─── Records for this exercise ───

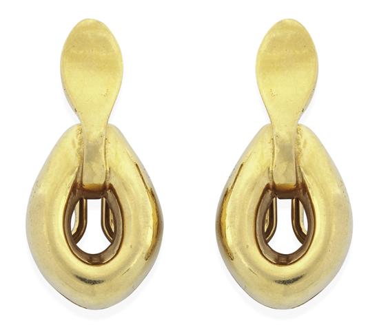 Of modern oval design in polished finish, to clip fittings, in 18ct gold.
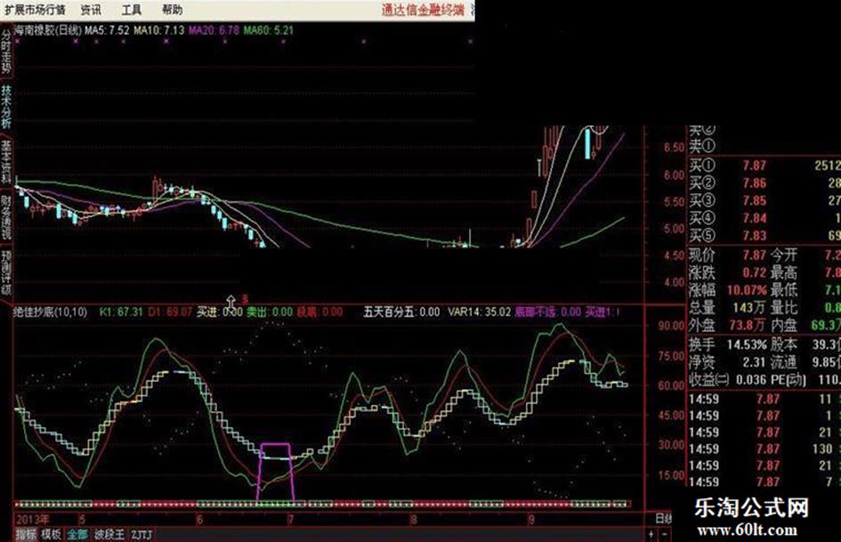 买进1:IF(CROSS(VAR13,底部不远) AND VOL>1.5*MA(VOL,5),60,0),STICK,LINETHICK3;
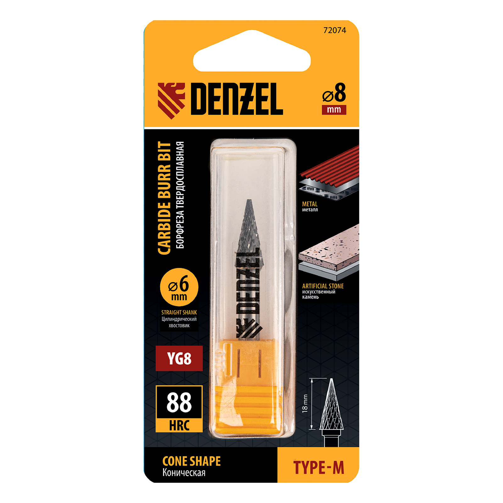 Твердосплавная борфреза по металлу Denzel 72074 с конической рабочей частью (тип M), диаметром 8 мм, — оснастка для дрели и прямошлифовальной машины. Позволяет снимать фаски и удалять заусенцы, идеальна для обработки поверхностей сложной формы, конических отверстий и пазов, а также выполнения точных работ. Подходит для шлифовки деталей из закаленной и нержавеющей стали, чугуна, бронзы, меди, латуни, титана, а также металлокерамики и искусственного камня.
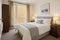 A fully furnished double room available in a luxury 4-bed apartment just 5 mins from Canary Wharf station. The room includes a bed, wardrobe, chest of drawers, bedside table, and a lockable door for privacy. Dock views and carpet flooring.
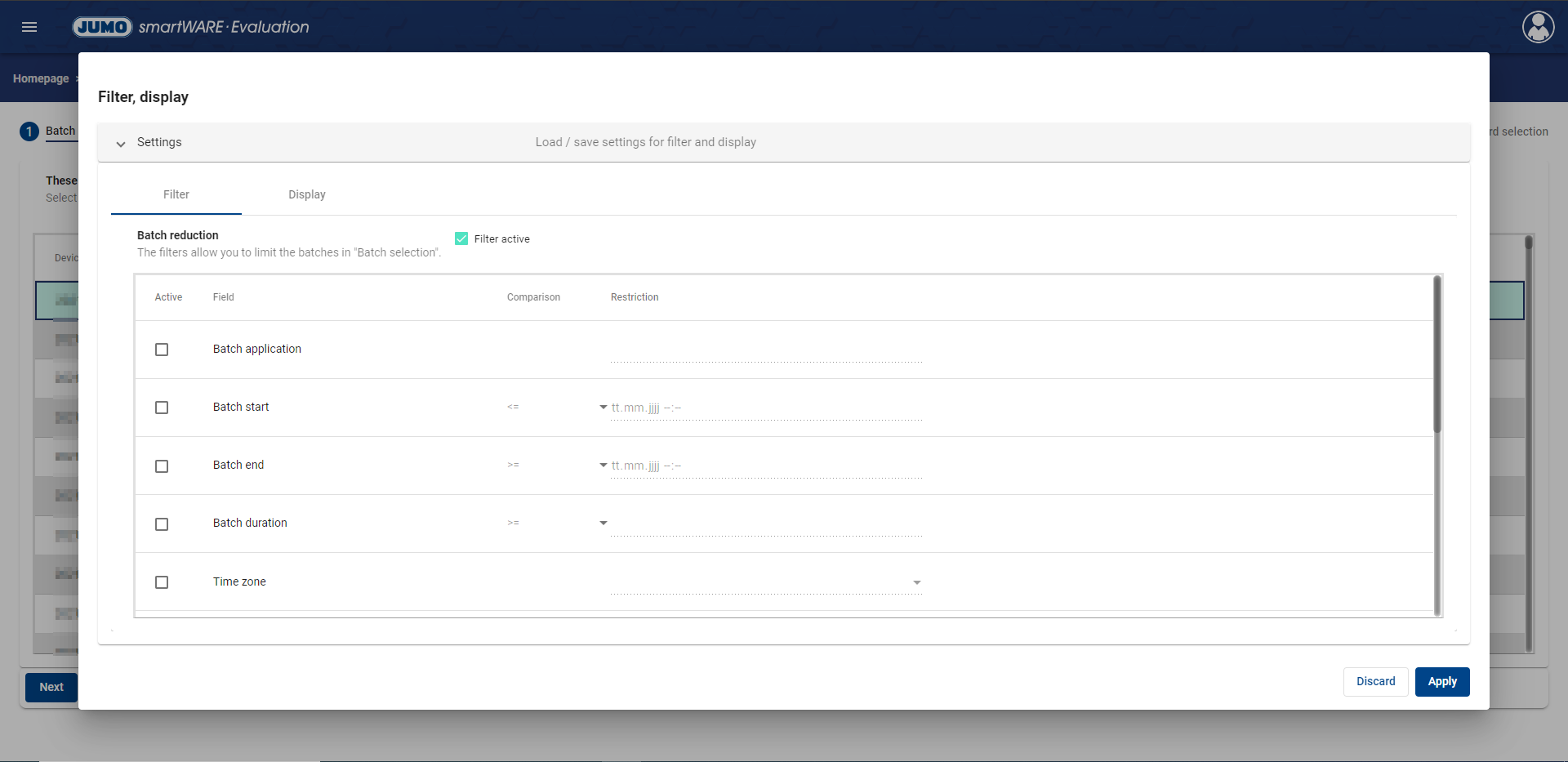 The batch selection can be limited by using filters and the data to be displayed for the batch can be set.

───

Task directions ::
Could you set down every record above exactly as written, leaving out the pictures?

Written solution ::
 Of modern oval design in polished finish, to clip fittings, in 18ct gold.
 买进1:IF(CROSS(VAR13,底部不远) AND VOL>1.5*MA(VOL,5),60,0),STICK,LINETHICK3;
 Твердосплавная борфреза по металлу Denzel 72074 с конической рабочей частью (тип M), диаметром 8 мм, — оснастка для дрели и прямошлифовальной машины. Позволяет снимать фаски и удалять заусенцы, идеальна для обработки поверхностей сложной формы, конических отверстий и пазов, а также выполнения точных работ. Подходит для шлифовки деталей из закаленной и нержавеющей стали, чугуна, бронзы, меди, латуни, титана, а также металлокерамики и искусственного камня.
 A fully furnished double room available in a luxury 4-bed apartment just 5 mins from Canary Wharf station. The room includes a bed, wardrobe, chest of drawers, bedside table, and a lockable door for privacy. Dock views and carpet flooring.
 The batch selection can be limited by using filters and the data to be displayed for the batch can be set.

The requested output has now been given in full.